If I load the abs_effect file on the fod template and threshold, color it by an arbitrary value, would it reflect the same?
Is it the same as having subtracted beta1 (control mean) - beta0(tbi mean)?
The absolute effect size is the inner product between the contrast and the beta coefficients (code). So assuming that:
- The first column contains 1s for TBI subjects and 0s for control subjects;
- The second column contains 1s for control subjects and 0s for TBI subjects;
- Your contrast is
[ -1 1 ]
, then yes, this is equivalent to beta1 - beta0. But this is not necessarily true for any arbitrary experimental design.
How would I represent the percentage effect correctly? Is it just loading the percentage effect map and thresholding it according to the fwe values (0.95-1)?
This has to do with being very specific about what data you want to inform what aspect of the visualisation. Typically yes, one would use the percentage effect data to set the colour of each fixel, and the FWE (1 - p-value) image to threshold the fixel display. But it’s best to be explicit about this, rather than “loading the percentage effect map”
But, when I run it for fdc i get the error:
subject data contains non-finite values: -nan.
Given the analysis of FD works without issue, this can only occur if there are non-finite values in your FC somewhere. You could find these using:
mrcalc FC.mif -isnan badFC.mif
, and looking for the fixels that light up in
mrview. You could even take the sum of these images across subjects, to find the issue(s) more quickly. Exactly where these are, and how prevalent they are, might provide some insight into what’s going wrong.

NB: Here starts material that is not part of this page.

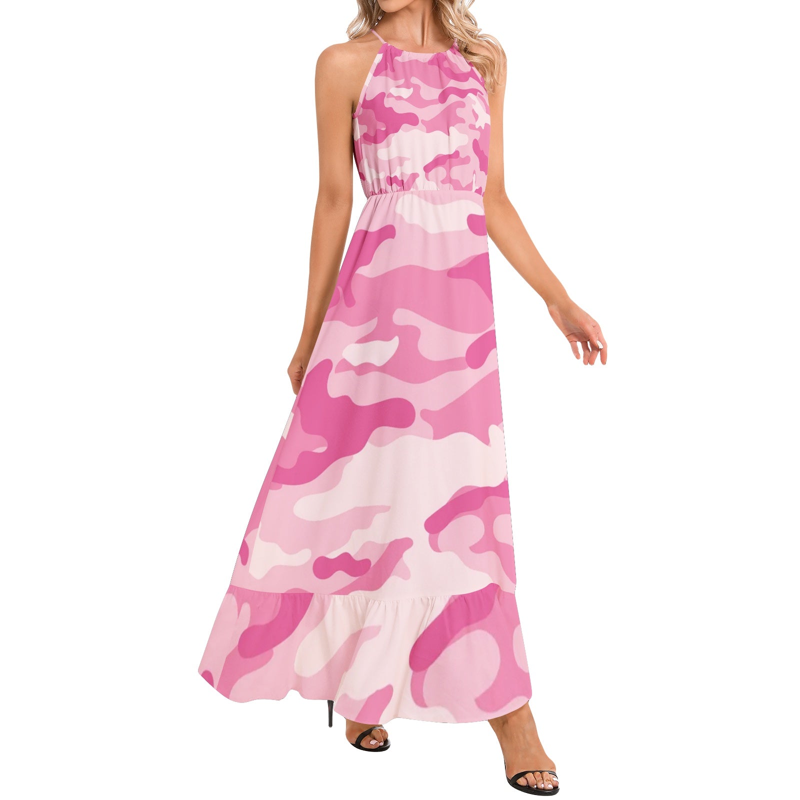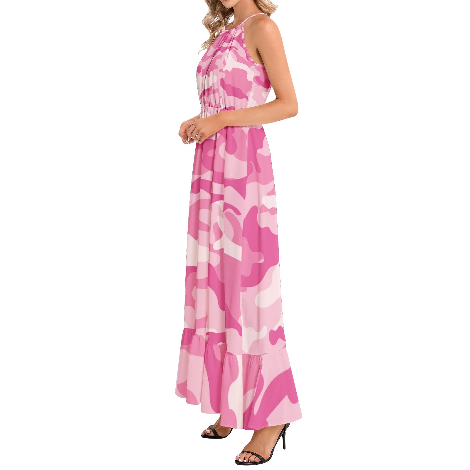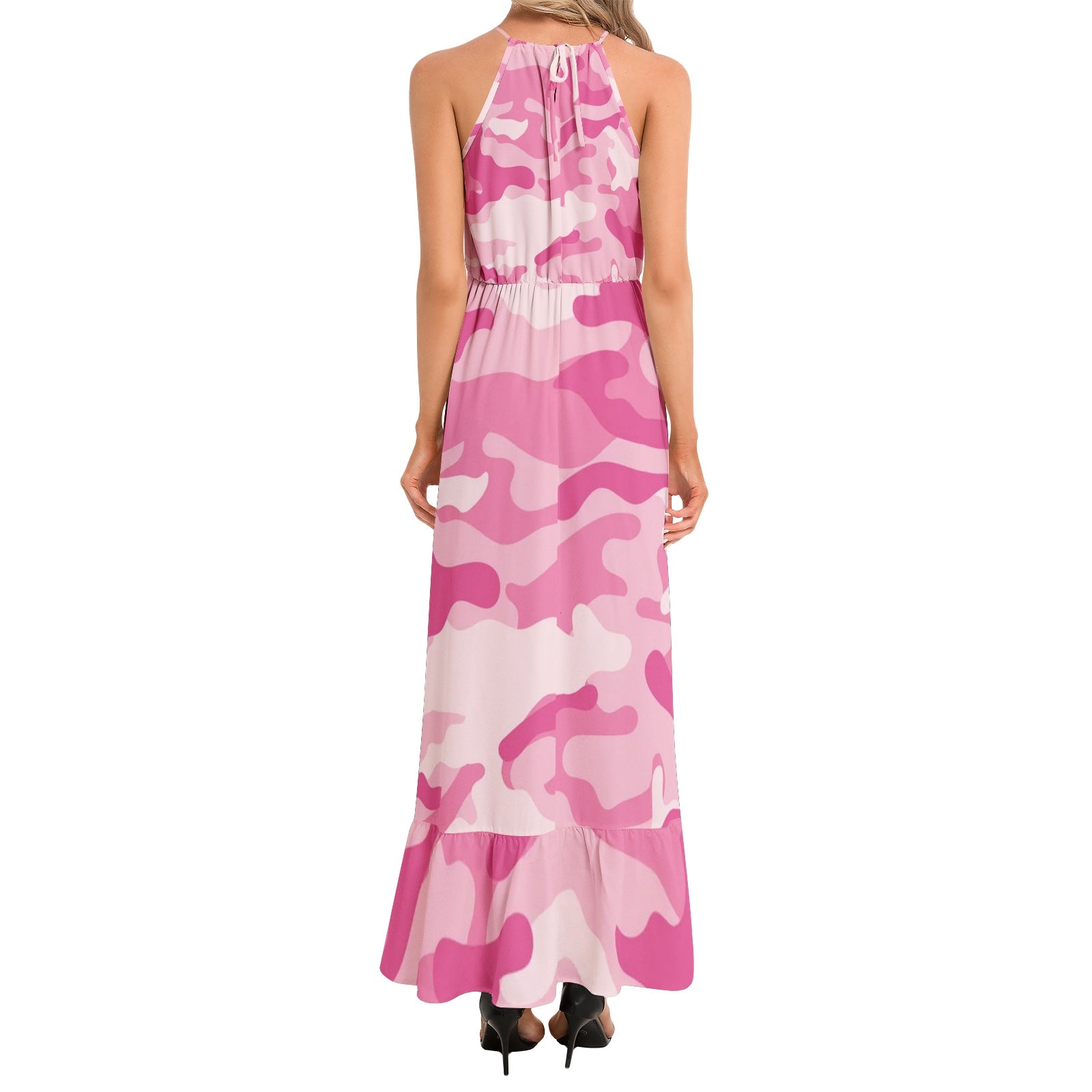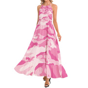 Look chic and trendy in our Camo Maxi Dress. Made with Lavender Pink Camouflage print and adorned with a Ruffle Hem, this dress is perfect for any occasion. Stand out in style with this unique dress that combines comfort and fashion.

Is there a way to override this by setting the fixels which are nan to zero?
You can; but it would be better to first figure out why you are getting NaN values before you go about masking them.
Is there any sense in even trying to extend the fba to include more of the gray matter?
This depends as much on your hypothesis as the underlying techniques used. Generally the fixel correspondence in these areas is poorer, and hence the within-group variances are very large.
With regards to the above post, is it advisable to lower the fmls peak value (fod2fixel) from the default 0.1 in some scenarios?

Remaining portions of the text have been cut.